Be sure to bring warm clothes for the trip down, even in the summertime it can be cold at the top and in the winter you will want your warmest stuff.
Here's the journal of Scott who has climbed Mt. Diablo over 300 times. 

http://diabloscott.blogspot.com/


----------



## Boardmill (Oct 15, 2005)

mohair_chair said:


> http://www.chainreaction.com/diablo.htm
> 
> Now we usually ride up South Gate to the top, come down North Gate, then go around the base of the mountain through Clayton and over Morgan Territory road. This is a really nice ride, which I highly recommend to anyone, but isn't easy, so make sure you are in fighting shape. Bring water on a warm day. http://www.pashnit.com/roads/cal/MorganTerritory.htm


My absolute favorite ride is to park in Walnut Creek, start riding towards Clayton, through the Morgan Territory, through Blackhawk, and finish by going straight up (South Gate) and straight down (North Gate) back to the car. It works out to be about 75 miles the normal way I do it, but you can easily add a loop to make it a century.

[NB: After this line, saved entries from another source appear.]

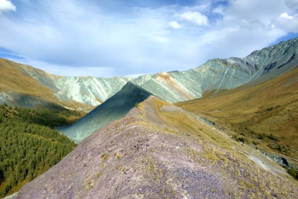 Если смотреть со стороны Аккема, то слева от разделительного гребня есть несколько уютных стоянок среди лиственниц. Справа от разделительного гребня деревьев нет, стоянок тоже нет, зато здесь текут ручьи из родников с прозрачной водой, чего нет в левой долине.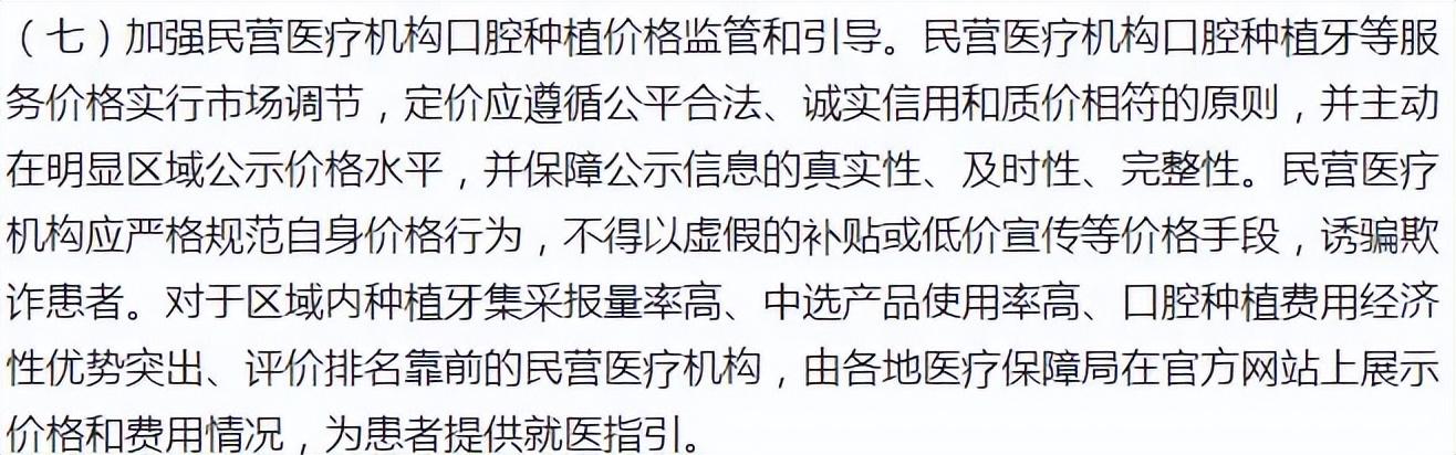 讀了幾遍征求意見(jiàn)稿,當(dāng)然后面可能還會(huì)根據(jù)有關(guān)意見(jiàn)建議進(jìn)行修改,但大差不差,說(shuō)說(shuō)我的感受,種植牙價(jià)格調(diào)控主要還是針對(duì)公立醫(yī)院,基本每條說(shuō)的都是公立醫(yī)院,提到民營(yíng)醫(yī)院(診所)就下面一條。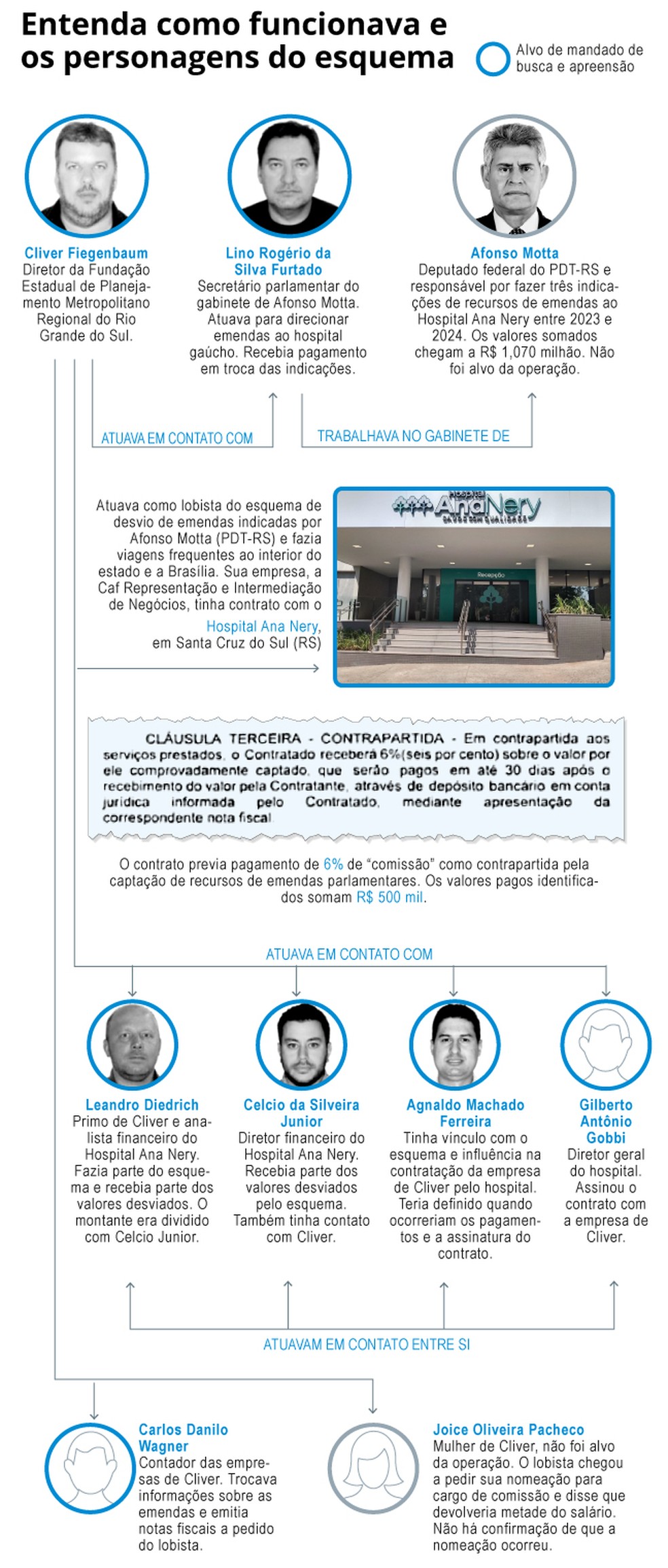 O alvo da PF atuava como captador das emendas em Brasília em troca do pagamento de 6% do valor direcionado para um hospital em Santa Cruz do Sul,no interior do estado. Segundo a corporação,esse tipo de arranjo,formalizado até mesmo em contratos,configura “vantagem indevida”,ou seja,corrupção.

Morgan Territory road is about as desolate a road as you can find in the Bay Area. The road is pretty rough, but totally passable, with nice scenery, and great climbs. I've ridden the entire section from Marsh Creek Rd. to the park staging area without seeing a vehicle, person, nothing. After you pass the staging area the descent is pretty amazing. I always get pissed off right as I come off the summit. I know people need a place to call home, the view is amazing, blah, blah, blah but why are they buildings homes up on that ridge? The road can't support it, there were no services up there, the place was pristine before, there are thousands of acres of good land they have to pass to get to their house, etc. It would be one thing if it was a ranch style house that worked with the wilderness, but my 'favorite' house is three stories of stucco that sits on about an acre of cement.

Anyway, sorry about the rant, but it is a great Bay Area ride; so many complete changes of scenery in such a short time.


----------



## LJ0913 (Nov 29, 2005)

Thanks everyone! Excellent routes. I picked up a map of Mt. Diablo and surrounding areas. I now know what the routes everyone is suggestioning. 

Looking forward to the climb/views of this ride.

Thanks again!
-Larry


----------



## ddakin (Jun 2, 2004)

*Conditions in February?*

Hey guys. I'm coming in from Canada Feb. 16-20 to catch the first stage of the Tour of California and escape the Canadian Winter for a few days.

I'm planning on riding Mt. Diablo while I'm there, and I'm wondering what type of conditions I should expect? What type of temperatures will I face on the top of the mountain and on the bottom of the mountain? Is it rideable at that time of year?

Also, is it much colder in the morning? Because I'm hoping to ride it first thing one morning.

Thanks,
Dan


----------



## wheel_suker (Feb 3, 2005)

*At the end of Feb*

You will probably be fine with a good underlayer garment like Craft and a regular Jersey and maybe arm warmers which you can roll down going up. Stash a wind vest and arm warmers for the trip down. Diablo is a year round climb except for the occasional snow day at the top but thats very rare.


----------



## petzi-baer (Sep 21, 2005)

ddakin said:


> Hey guys. I'm coming in from Canada Feb. 16-20 to catch the first stage of the Tour of California and escape the Canadian Winter for a few days.
> 
> I'm planning on riding Mt. Diablo while I'm there, and I'm wondering what type of conditions I should expect? What type of temperatures will I face on the top of the mountain and on the bottom of the mountain? Is it rideable at that time of year?
> 
> ...



Rain might spoil your day ....


Petzi-baer


----------